Historical Precedents: Indoctrination Through Education
In Nazi Germany (1933–1945), Adolf Hitler’s regime transformed education to advance Aryan supremacy and militarism. History lessons glorified German triumphs, vilified minorities — particularly Jews — and promoted pseudoscientific “race studies” to justify the Holocaust. Schools like the Adolf Hitler Schools prioritized physical discipline and loyalty over critical thought, producing obedient followers molded to serve the Reich.
Similarly, the Soviet Union (1917–1991), especially under Joseph Stalin, weaponized history to cement Communist ideology. Textbooks erased inconvenient truths, rewrote political struggles, and recast leaders as infallible heroes. By removing competing narratives and elevating Russian dominance, Soviet authorities sought to unify citizens under a single, uncontested version of the past.

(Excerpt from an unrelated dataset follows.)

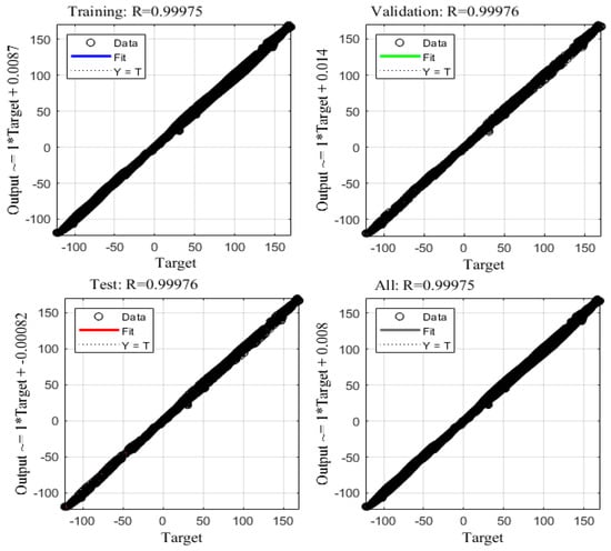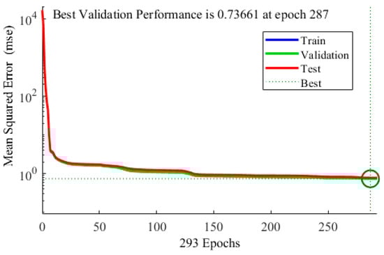 Figure 7 portrays the NN architecture. The NN for machine learning consists of two input layer nodes as the two pressure inputs of the soft robot, eight hidden layer nodes, and three output layer nodes as the three displacement coordinates of the soft robot tip. The number of hidden layer nodes was determined by optimizing the balance between computational cost and accuracy. The NN training utilized an adaptive moment estimation algorithm with the root mean square error (RMSE) loss function to expedite convergence and efficacy. The training produced very promising results, as shown in Figure 8, with a very low mean square error of 0.7366 after 287 training epochs on the validation data. Figure 9 depicts the regression plots of neural network accuracy on training, validation, and test datasets with R-squared values greater than 0.99. The trained NN was expected to serve as a forward kinematic function that takes the pressure inputs of the soft robot and produces the displacement coordinates of the soft robot tip. The generative ability of the trained NN was expected to estimate the reachable workspace of the soft robot tip with less computational efforts.

Modern Examples: Controlling Narratives in the 21st Century
The practice is far from history itself. In the United States, the 1776 Commission, relaunched by former President Donald Trump in January 2025, promotes “patriotic education” to counter narratives emphasizing slavery’s centrality in America’s founding. Its report highlights the nation’s ideals while downplaying racism and slavery — a move critics describe as historical distortion. By September 2025, its influence is visible in policies like Florida’s 2023 restrictions on African American history, which banned courses and softened discussions of slavery, and Texas’s curriculum, which frames the Civil War as a fight over “states’ rights.”
In Russia, since the 2022 invasion of Ukraine, Putin has intensified efforts to militarize education. By 2025, history lessons increased by 50%, with state-approved narratives replacing Western curricula. Students are taught to glorify Russian military victories and justify territorial expansion, aiming to suppress dissent and bolster imperial ambitions.
In Hungary, Prime Minister Viktor Orbán has reshaped education since 2010, embedding nationalist figures — including some with antisemitic pasts — into textbooks. By 2025, these policies have curtailed academic freedom and cultivated loyalty, influencing right-wing movements abroad, including among U.S. conservatives.
In India, Prime Minister Narendra Modi’s government has revised textbooks through 2025, removing references to the Mughal Empire, Delhi Sultanate, Marathas, and Tipu Sultan, while amplifying ancient Hindu heritage. Critics argue this promotes a “Hindutva agenda” that marginalizes India’s multicultural history and rewrites its diverse identity.
In Japan, 2025 textbooks continue to soften portrayals of WWII atrocities, including the Nanjing Massacre, drawing international criticism for dodging accountability and inflaming tensions with neighboring countries.
In Croatia, while recent reforms have focused on school security, the state has a history of revising narratives. In the 1990s, textbooks downplayed the Ustaše regime’s WWII crimes, and current bans on certain historical works highlight ongoing reluctance to confront painful truths.
The Price of Manipulating Memory
Rewriting history offers regimes a potent tool: it shapes national identity, fosters obedience, and bolsters political power. Yet the costs are profound. Distorted narratives erode truth, stifle critical thinking, and deepen social divides by erasing diverse perspectives. When education becomes propaganda, societies risk repeating past mistakes while remaining vulnerable to manipulation and authoritarianism.
History, when rewritten for power, undermines democracy itself. Without honest engagement with the past, reconciliation falters, progress stalls, and future generations inherit myths instead of lessons.